» **Goal of the exercise**: Using the records below, transcribe word for word the stretch from the line that contains "Het perceel waarop" through the line that contains "(Probolinggo-08/05) Dinas Perikanan", both end lines included, and nothing else.

» **Material for this task**:
* * * * * * *
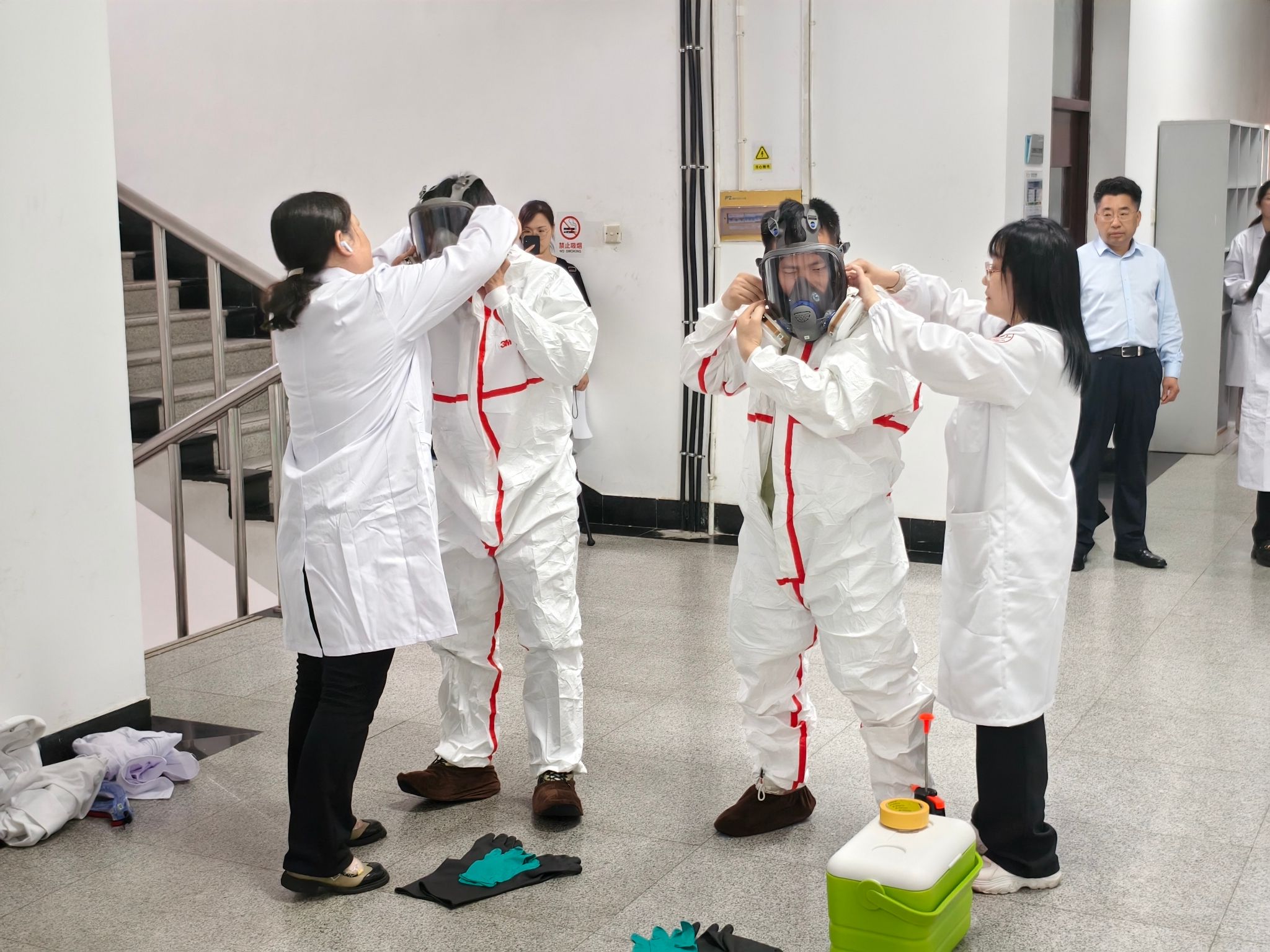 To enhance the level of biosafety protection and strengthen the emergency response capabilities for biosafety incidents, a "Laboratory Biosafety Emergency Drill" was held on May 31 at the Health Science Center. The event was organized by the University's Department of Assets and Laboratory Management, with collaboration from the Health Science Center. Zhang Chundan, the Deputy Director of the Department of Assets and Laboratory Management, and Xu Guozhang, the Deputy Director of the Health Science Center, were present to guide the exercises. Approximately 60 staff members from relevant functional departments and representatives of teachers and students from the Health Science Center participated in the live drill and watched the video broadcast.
* * * * * * *
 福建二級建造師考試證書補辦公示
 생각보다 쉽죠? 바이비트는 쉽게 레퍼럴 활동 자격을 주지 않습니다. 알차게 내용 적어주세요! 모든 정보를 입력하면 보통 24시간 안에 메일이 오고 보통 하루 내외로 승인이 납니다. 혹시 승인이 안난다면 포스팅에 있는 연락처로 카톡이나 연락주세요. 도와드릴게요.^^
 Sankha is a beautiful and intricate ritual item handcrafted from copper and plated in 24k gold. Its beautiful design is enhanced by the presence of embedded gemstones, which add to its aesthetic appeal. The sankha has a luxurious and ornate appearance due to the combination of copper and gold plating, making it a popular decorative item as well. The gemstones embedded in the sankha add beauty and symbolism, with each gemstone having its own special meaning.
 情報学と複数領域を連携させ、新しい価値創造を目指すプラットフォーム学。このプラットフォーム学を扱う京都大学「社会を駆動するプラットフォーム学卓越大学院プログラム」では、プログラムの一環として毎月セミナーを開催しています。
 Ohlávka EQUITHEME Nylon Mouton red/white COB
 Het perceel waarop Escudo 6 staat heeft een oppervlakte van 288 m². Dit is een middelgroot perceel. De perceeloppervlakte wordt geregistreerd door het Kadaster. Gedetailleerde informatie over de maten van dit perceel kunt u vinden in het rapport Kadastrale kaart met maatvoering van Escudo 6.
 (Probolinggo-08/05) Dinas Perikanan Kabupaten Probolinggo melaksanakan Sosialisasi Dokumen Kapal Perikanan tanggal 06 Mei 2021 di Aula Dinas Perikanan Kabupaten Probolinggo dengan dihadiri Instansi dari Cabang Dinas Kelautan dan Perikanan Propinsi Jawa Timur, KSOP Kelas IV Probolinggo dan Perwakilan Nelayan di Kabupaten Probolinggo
* * * * * * *
» **Solution to this exercise**:
 Het perceel waarop Escudo 6 staat heeft een oppervlakte van 288 m². Dit is een middelgroot perceel. De perceeloppervlakte wordt geregistreerd door het Kadaster. Gedetailleerde informatie over de maten van dit perceel kunt u vinden in het rapport Kadastrale kaart met maatvoering van Escudo 6.
 (Probolinggo-08/05) Dinas Perikanan Kabupaten Probolinggo melaksanakan Sosialisasi Dokumen Kapal Perikanan tanggal 06 Mei 2021 di Aula Dinas Perikanan Kabupaten Probolinggo dengan dihadiri Instansi dari Cabang Dinas Kelautan dan Perikanan Propinsi Jawa Timur, KSOP Kelas IV Probolinggo dan Perwakilan Nelayan di Kabupaten Probolinggo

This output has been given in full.